Background/Objective: Sensorineural hearing loss is a common diagnosis among children. The diagnostic workup varies widely among practitioners. This study's aim was to assess the utilization of diagnostic testing for SNHL and determine the yield of each test. Study design: Retrospective chart review. Setting: Tertiary care center. Subjects: 827 patients with a diagnosis of SNHL from January 1, 2011 to January 1, 2015. Results: 746 patients met inclusion criteria. Temporal bone imaging was performed on 561 (75%) of patients with 224 (40%) having positive results that explained the etiology of the SNHL. Congenital SNHL was more likely to be associated with abnormal imaging than acquired SNHL (109/299 versus 106/316 respectively) (p = 0.001). Unilateral SNHL was more likely to be associated imaging abnormalities than bilateral SNHL (101/221 and 123/340 respectively) (p = 0.028). Genetic testing was performed on 244 (33%) patients, of which 94 (39%) had abnormalities.
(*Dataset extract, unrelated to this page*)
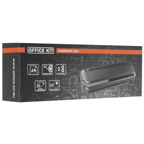 Ламинатор Office Kit L2311 черного цвета имеет довольно компактный корпус и отличается простотой в эксплуатации. Поэтому такое устройство вполне подходит для домашнего использования. Два вала, установленные в ламинаторе разогреваются до нужной температуры за 3-5 минут. А скорость ламинирования составит 220 мм/мин. Толщина используемой в ламинаторе пленки может составлять 70-150 мкм. Максимальный размер ламинируемой документации - А4.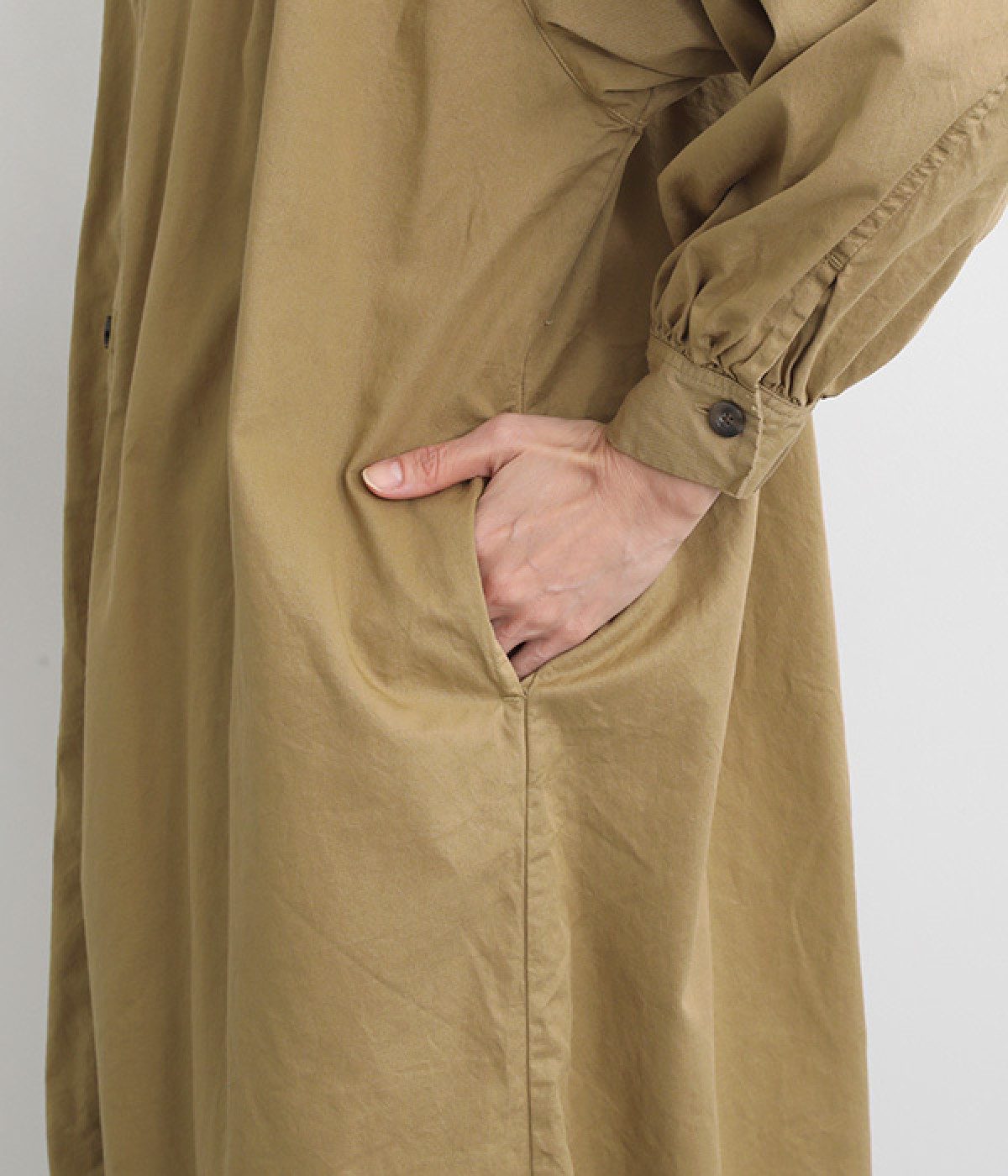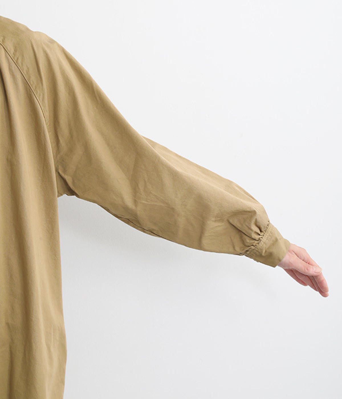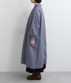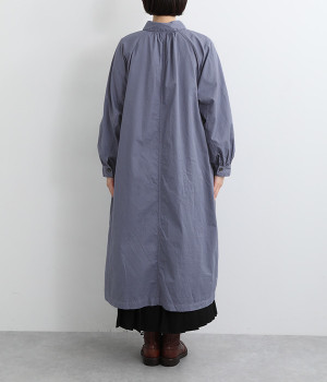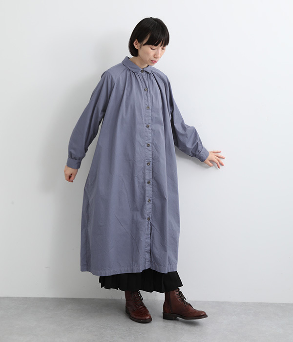 ネックラインのギャザーがアクセントになるAラインシルエット

Positive genetics results were more common with bilateral than unilateral SNHL (82/191 and 12/53 respectively) (p = 0.007). There was no statistically significant difference in the utility of genetic testing for congenital and acquired SNHL (p = 0.0836). Cytomegalovirus (CMV) testing was available for 104 (14%) of patients with 13 (12.5%) being positive and consistent with congenital CMV. Electrocardiogram, urinalysis, and Lyme titers were less useful. Conclusions: Imaging and genetic testing had the highest yield in the evaluation of children with SNHL and were the most commonly performed. CMV testing was valuable in neonates who failed newborn hearing screening.